Trigram with NB features

Instead of using words, we will use small phrases of words, or phrases. In this case we will use 3 word phrases, also referred to as trigrams

veczr =  CountVectorizer(ngram_range=(1,3), tokenizer=tokenize, max_features=800000)
trn_term_doc = veczr.fit_transform(trn)
val_term_doc = veczr.transform(val)

Let regularization do the feature selection, just bound the overall space

trn_term_doc.shape
(25000, 800000)
vocab = veczr.get_feature_names()
vocab[200000:200005]
['by vast', 'by vengeance', 'by vengeance .', 'by vera', 'by vera miles']
y=trn_y
x=trn_term_doc.sign()
val_x = val_term_doc.sign()
p = x[y==1].sum(0)+1
q = x[y==0].sum(0)+1
r = np.log((p/p.sum())/(q/q.sum()))
b = np.log(len(p)/len(q))
4 Likes

Thanks for the notes! Important correction here: for each row, 15% of the variables were replaced with those from another row. (I didn’t update the notes directly since I figured you’d want to be aware of this)

1 Like

thanks jeremy for the correction, ill make the changes after final exams!
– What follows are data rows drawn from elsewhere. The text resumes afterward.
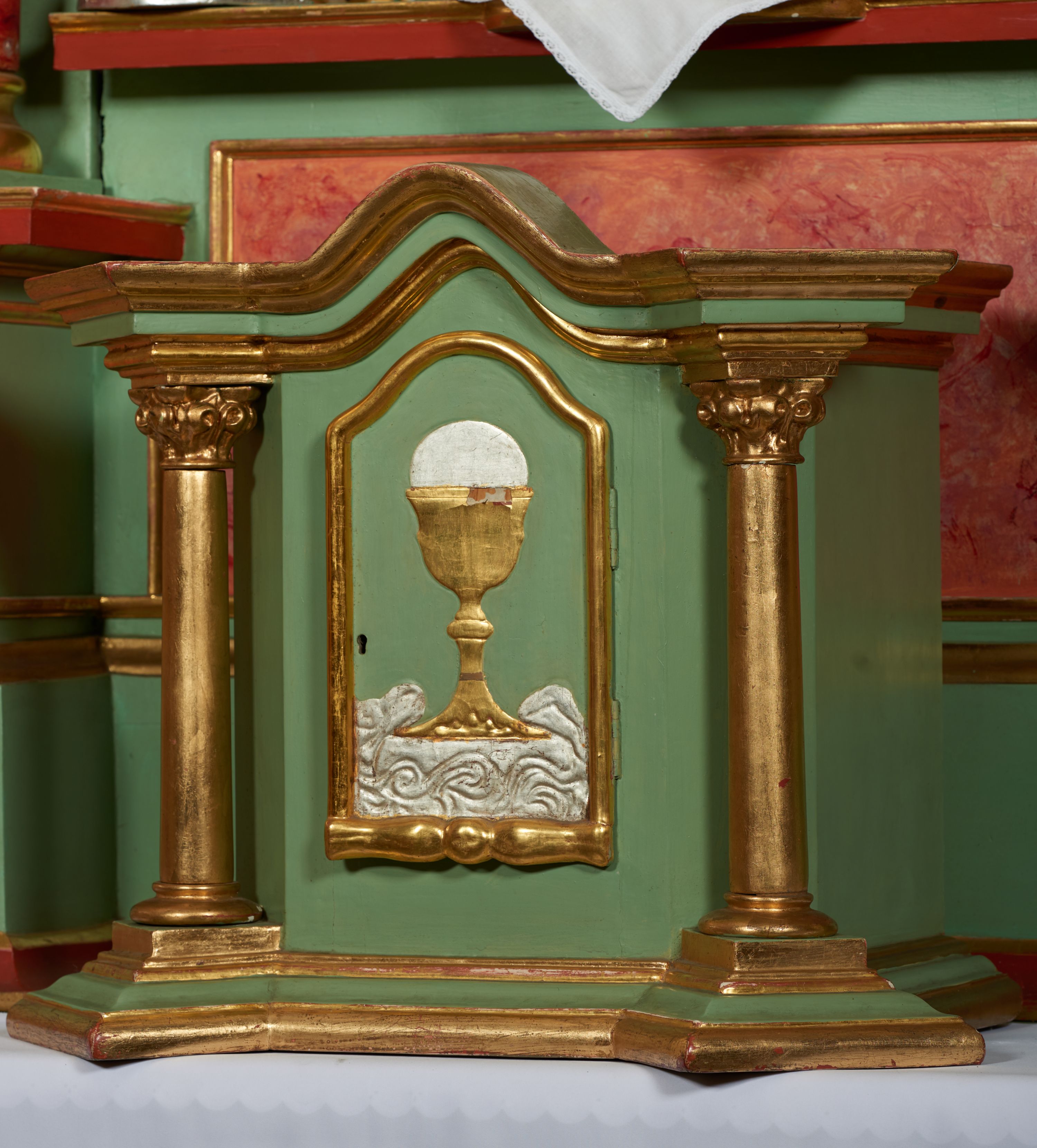 W dokumentach powizytacyjnych z 1748 roku opisywany jest w tym miejscu ołtarz z przedstawieniem św. Józefa. W inwentarzu z początku XX wieku określono go jako ołtarz z obrazem Najświętszego Serca Pana Jezusa. W 1968 roku struktura została przemalowana, a w 1986 roku zdemontowana i złożona w stodole. Nie udało się określić, kiedy ołtarz został odnowiony i wstawiony ponownie do wnętrza kościoła.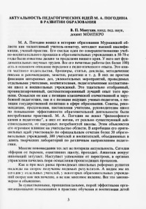 АКТУАЛЬНОСТЬ ПЕДАГОГИЧЕСКИХ ИДЕЙ М. А. ПОГОДИНА В РАЗВИТИИ ОБРАЗОВАНИЯ В. П. Манухин, канд. пед. наук, доцент МОИПК РО М. А. Погодин вошел в историю образования Мурманской об ласти как т алан тливый учитель-новатор, методист высшей квалифи кации, ученый-практик. Его смелые идеи по совершенствованию учеб- но-воспнтателыіоі о процесса в образовательных учреждениях в 50-70-е годы были известны далеко за пределами нашего края. У него нет фун даментальных научных трудов. Все его печатные работы (их более 100) ость в основном описание передового педагогического опыта. Это кни ги местного издательства, брошюры , статьи , доклады , методические письма и рекомендации, заметки, рецензии и т. д. В них не простая фиксация интересных дел, увлекательных мероприятий, проводимых отдельными учителями, воспитателями, педагогическими коллектива ми школ и внешкольных учреждений. Это тщательно отобранный, проанали зированный , систематизированный лучший опыт того вре мени. Осмыслен он к а к с позиции классической отечественной и зару бежной педагогики, т а к и с позиции ведущих ученых-педагогов, с п о зиции государственной политики в сфере образования. Советы, реко мендации, предложения, наставления учителям, руководителям школ по повышению эффективности образовательной деятельности были востребованы практикой. М. А. Погодин не искал “философского камня в педаг огике” , а шел от жизни, от реально существующей дей ствительности, от насущных потребностей школы. Этим объясняется ого огромное влияние на учительство области. В апробащ іи его ориги нальных идей участвовало по официальным отчетам более 50 обр азо вательных учреждений, 300 учителей и воспитателей, объединенных в девять творческих л абораторий по различным направлениям педаго гики. Мног ие нововведения тех лет не потеряли актуальность. Сегодня эйфория от перемен, охвативших школу, проходит. Ажиотаж вокруг инноваций затухает. Наступает успокоение от перестроек, в органах управления началась пора осмысления происходящих процессов. Как и при всех ранее проводимых школьных реформах рушатся надежды на скорое получение видимых результатом. А видим мы их сего;іня у отдельных учителей, у некоторых образовательных учрежде ний скорее как исключение, а не как массовое явление. Все это законо мерно и объяснимо. За существенными, принципиальными, порой эффектными о р г а низационными изменениями в практике обучения и воспитания детей 3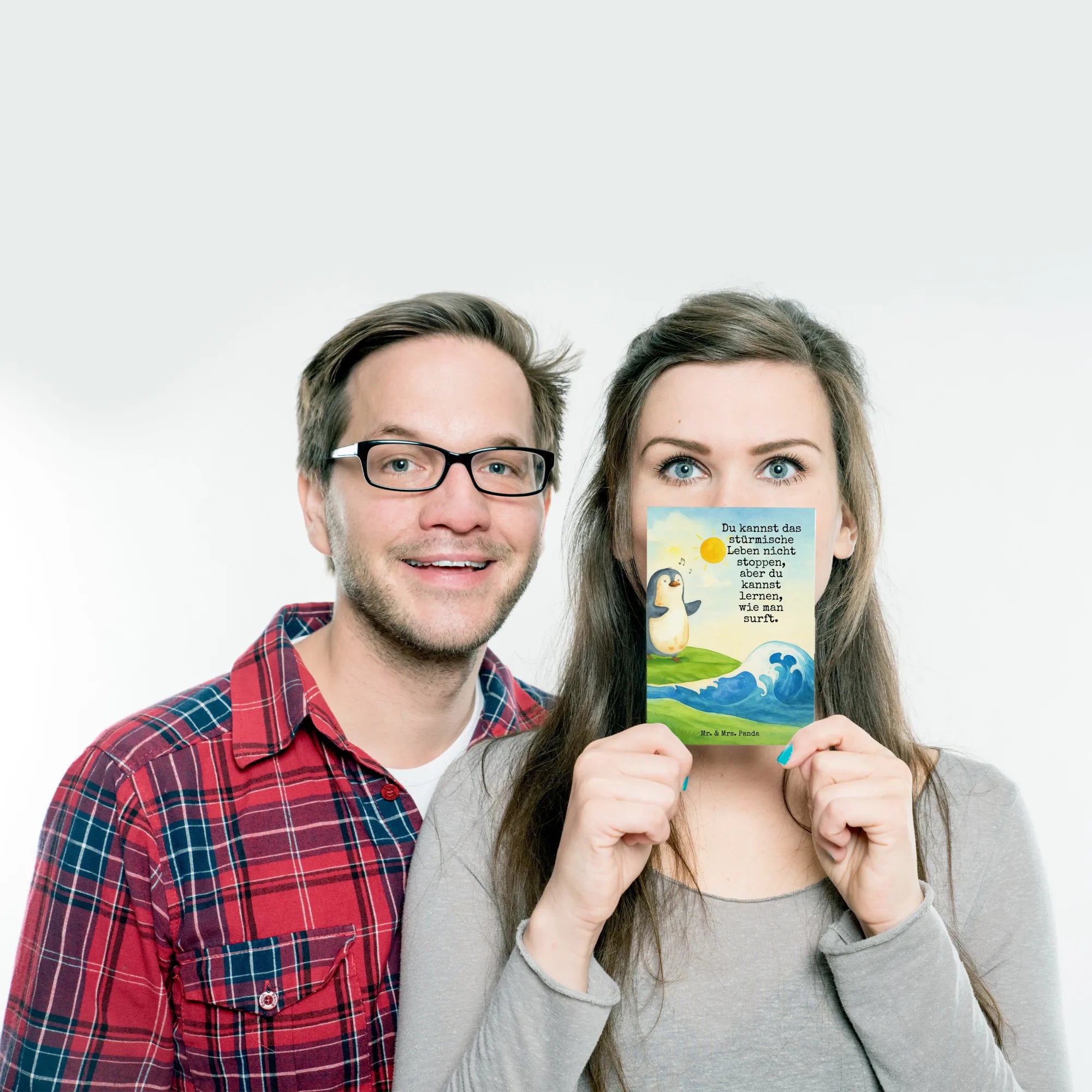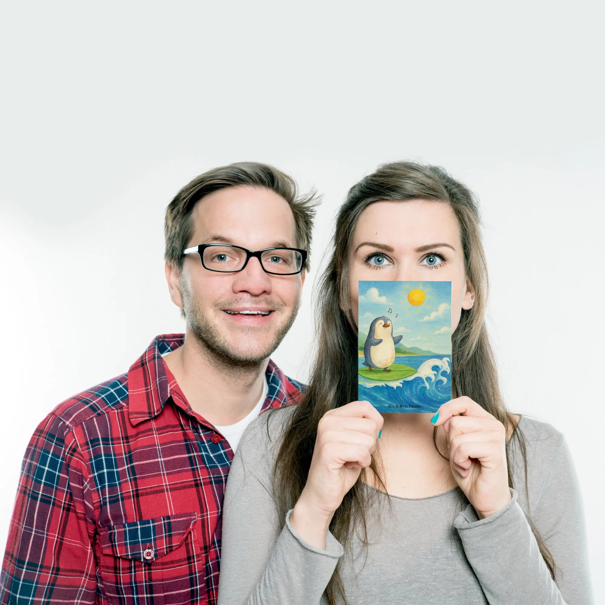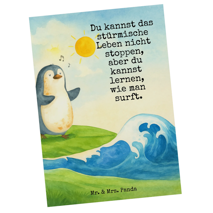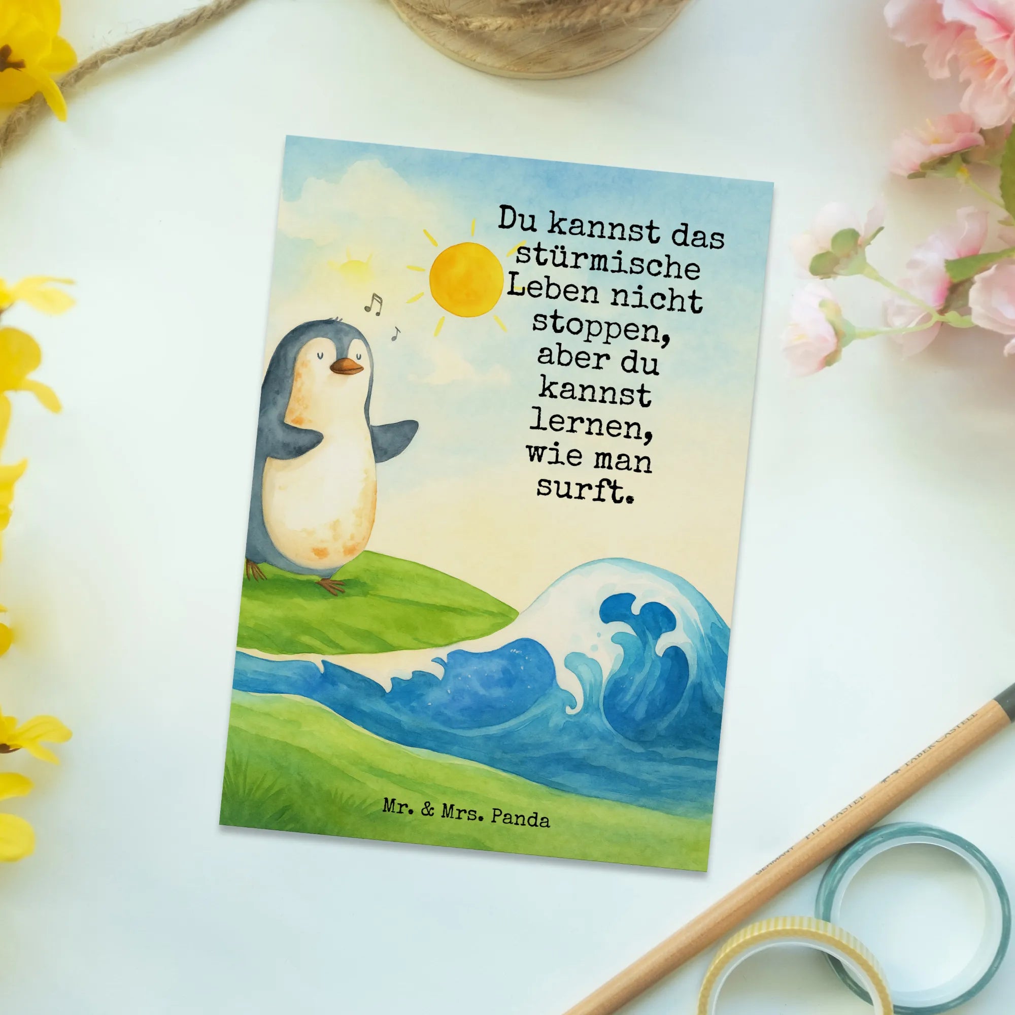 Mr. & Mrs. Panda präsentiert: Postkarte „Pinguin Surfer“ – ein kleiner Sonnenschein für Meer- und Surf-Fans 🌊🐧

Appreciate teh note

Hi

In the previous post you say this:

I see how you apply the log-count-ratio to a dataset which has 2 labels (positive and negative). But I do not understand how to apply log-count-ratio to data which has more than 2 labels. Maybe someone can explain this to me?

I searched the complete internet and I could not find any fastai example that uses Naive Bayes with a dataset which contains multiple labels. Maybe you have some links for me?

–> I have the same question asked here but with much more detail. Unfortunatlly I never got any response :frowning: Maybe you can help with that.